摘要： 实验室条件下，以含硼铁精矿为原料制备氧化球团，对含硼铁精矿气基竖炉直接还原-电炉熔分新工艺进行了研究.结果表明，含硼铁精矿是良好的造球原料，1200℃下焙烧20min后，成品球团抗压强度可达2500N以上，满足气基竖炉直接还原工艺要求.在H₂与CO体积比大于2/5且温度在850~1000℃条件下，含硼铁精矿氧化球团还原率达到95%的时间为15~60min，还原膨胀率不高于15%.在高温下电热熔化DRI后硼和铁可以高效分离，硼、铁收得率均可达到98%以上，富硼渣中B₂O₃的质量分数在21%以上，活性可达89%左右，是“一步法”生产硼酸的优良原料.含硼铁精矿气基竖炉直接还原电炉熔分新工艺可以实现硼铁高效分离和清洁利用.

关键词: 含硼铁精矿, 气基竖炉, 直接还原, 电炉熔分, 清洁利用

Abstract: In this work， oxide pellet was prepared from boron-bearing iron concentrate. A new process that the boron-bearing iron concentrate was directly reduced and separated by shaft furnace and electric furnace smelting， respectively. The corresponding reduction and separation theories were discussed. The results showed that boron-bearing iron concentrate pelletization can fully meet the requirements of the gas-based shaft furnace direct reduction process. After boasting at 1200℃ for 20minutes， the compressive strength of the finished pellet is higher than 2500N. When the H₂ to CO ratio is higher than 2/5 and the temperature is between 850℃ to 1000℃， the time for reducing 95% of the boron-bearing iron concentrate is between 10min to 60min and the expansion ratio is less than 15%. Boron and iron can be efficiently separated from DRI by electric furnace at 1500℃. The yields of both boron and iron can achieve up to 98%. The activity and the mass fraction of B₂O₃ in the slag can reach 89% and 21%， respectively， suggesting that this kind of slag can be used as high quality raw materials for the one-step boric acid production.
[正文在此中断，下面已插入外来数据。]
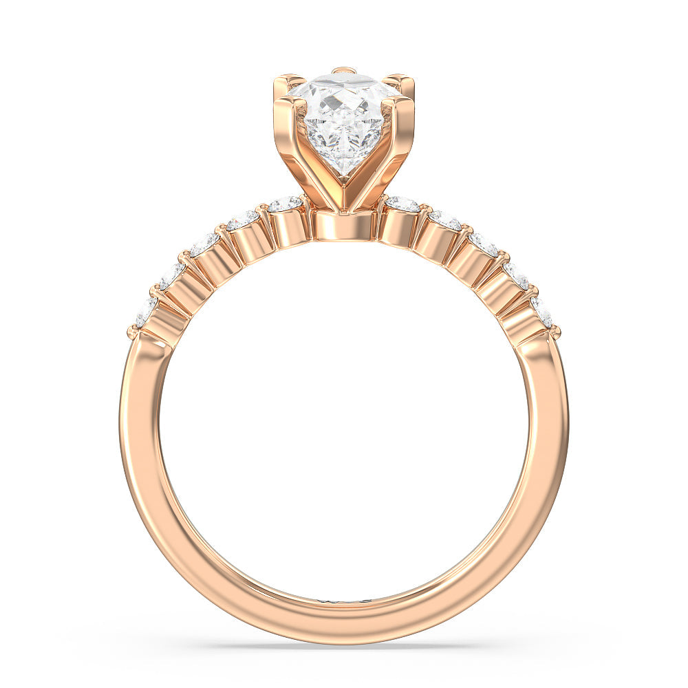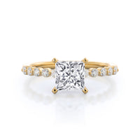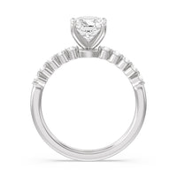 Under bezel shared prong accent diamonds float on the side of your center stone

The new process can efficiently separate and cleanly utilize boron-bearing iron concentrate.

Key words: boron-bearing iron concentrate, gas-based shaft furnace, direct reduction, electric furnace smelting separation, clean utilization

中图分类号:

TF046.6

储满生，赵嘉琦，付小佼，柳政根. 基于气基直接还原-熔分的硼铁矿高效利用新工艺[J]. 东北大学学报:自然科学版, 2016, 37(6): 805-809.

CHU Man-sheng， ZHAO Jia-qi， FU Xiao-jiao， LIU Zheng-gen. New Efficient Process Utilizing Ludwigite on Gas-based Shaft Furnace Direct Reduction and Electric Furnace Smelting Separation[J]. Journal of Northeastern University Natural Science, 2016, 37(6): 805-809.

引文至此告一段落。